It’s a program that took inmate visitation from face to face to behind a computer screen.

“I can go to the zoo and see a wild animal in the flesh, but I can’t even see my own daughter,” Laura Barr, mother of a Knox County inmate, said.

Instead of friends and family in Knox County talking with their incarcerated loved one in person, for the past few years, their mode of communication has been through a live video kiosk, located at the detention facility’s visitor center. 

Those who use it say conversation does not always go smoothly. 

“There’s no eye-to-eye contact and if we move, it goes out of focus,” Barr said. “It gets blurry and there’s a delay.”

The other option is to skip the drive down to the jail and hold live visitations right from one’s home, as long as they have the proper technology. 

“I don’t have access to a computer to do that,” Barr said. 

Families also need to be able to afford the 30 minute video chats.

“For every remote video call, a family has to pay $6 for the call and the county government didn’t pay a dime to install or operate the system, so they don’t need to charge that high of a rate,” attorney Tex Pasley said. 

The idea behind this alternative to in-person jail visits was to reduce visitation traffic, which requires less jail staff.

The hope was to also prevent drugs from trickling into the jail and reduce violence.

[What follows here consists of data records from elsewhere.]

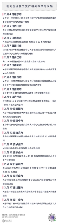 2月4日以来,四川省政府办公厅及各市州政府纷纷出台多项政策助力企业生存发展。从时间线来看,遂宁市最早发布了《关于进一步支持中小微企业等领域打好新型冠状病毒感染肺炎疫情防控阻击战的若干措施》。从政策所涉维度来看,金融支持、减负稳岗、房租补贴、税费减免等利好政策覆盖范围较广。
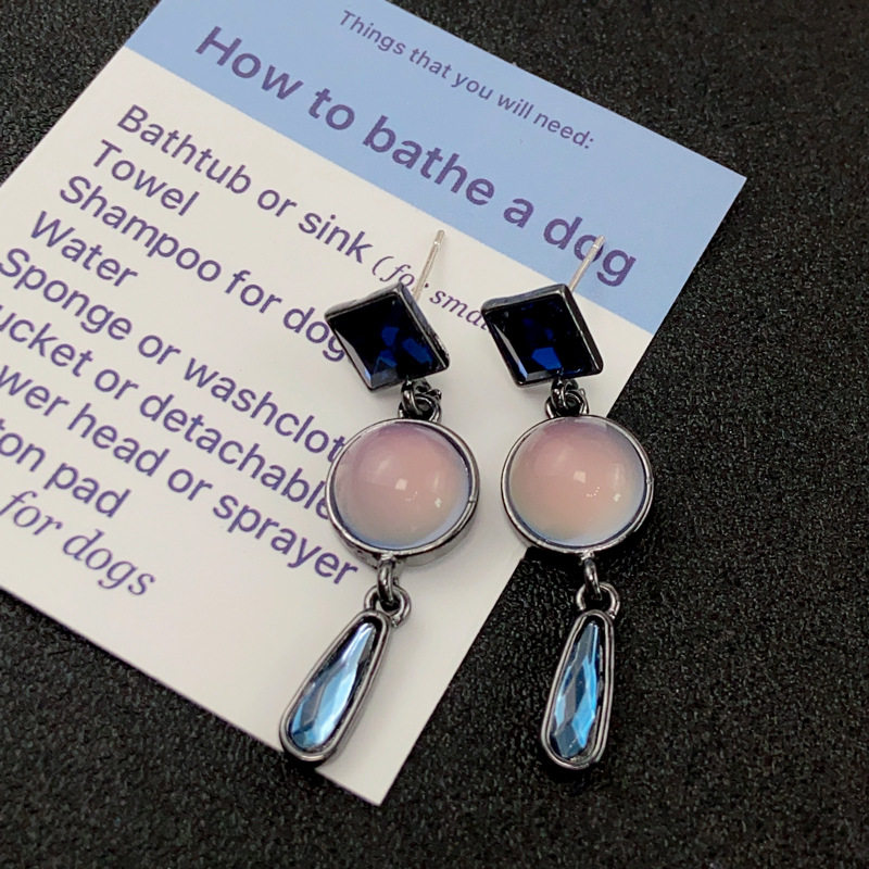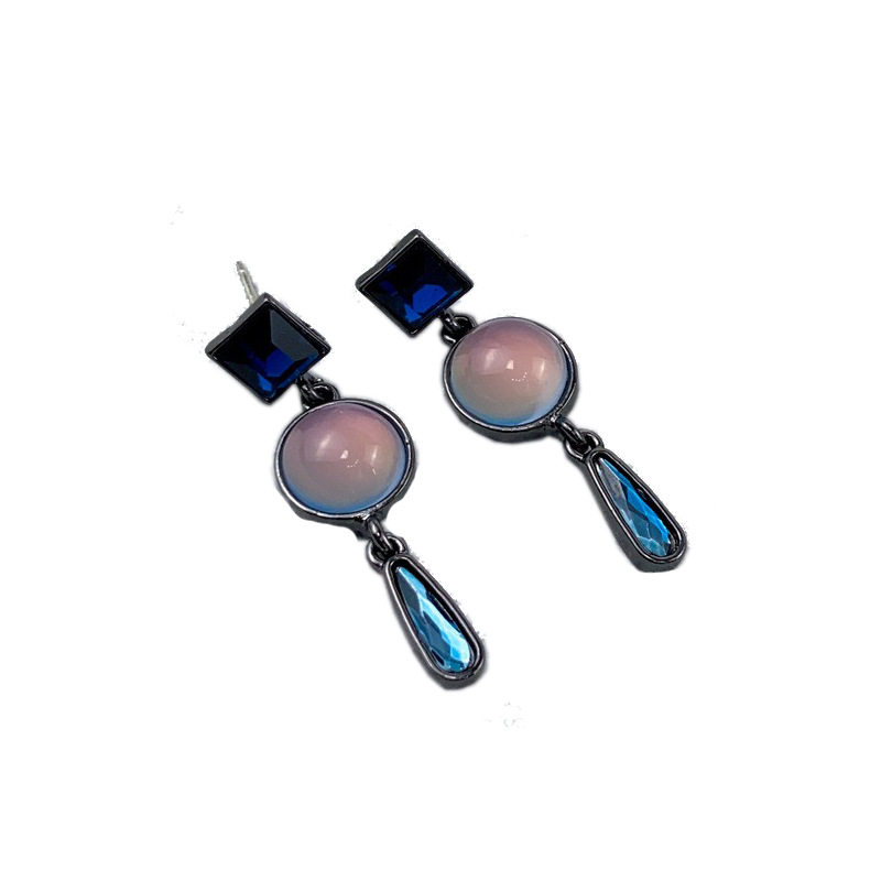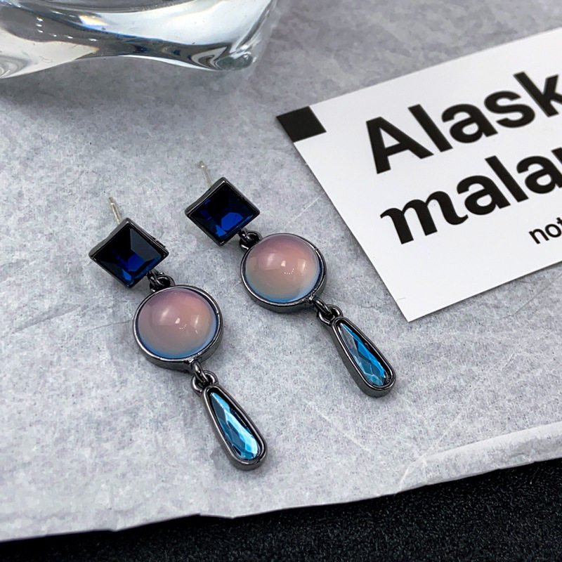 srrmhyn baroque crystal cat eye stone blue drop earrings female light luxury superior fashion temperament 100 lap-Taobao
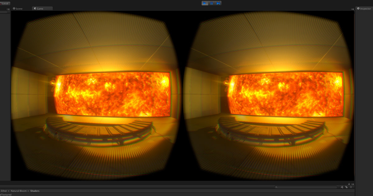 Optically in the Rift view I've got a new starfield in the background [I realise exposure-wise that stars would likely be well under the sun's brightness and thus invisible, but you know, VR!], some sun shafts creating beams of light, some dust motes floating in the room for a little atmosphere [after playing Alien:Isolation in VR I couldn't help it - the modelling and lighting in that game is a masterpiece!] and a few other tweaks in store.

A coalition is coming together to challenge whether banning in-person visits was a good idea.

“Clearly most people would prefer in-person contact and there’s research showing that that’s actually better for people,” Pasley said. 

Addie Arbach’s father was in prison, and she said those in-person interactions meant the world to her family.

“I know personally that connection means everything and we’re keeping people disconnected. We’re punishing families, and it’s not right.”

The group points to research that shows no decrease in reported cases of contraband and an increase in violence since the ban was enacted in 2014. 

“The number of assaults has actually increased, so we would argue against their contention that this is improving safety and reducing the flow of contraband,” Pasley said. 

According to open records documents the coalition obtained from the sheriff’s office, 50 cents of every dollar paid for a video call goes into the county’s general revenue fund.

Research also shows the rate of assaults has increased an average of one assault per 100 inmates since the ban.

The coalition agrees there should be the option of video chats, but the group also believes that friends and family deserve the choice of having that in-person meeting with their loved one.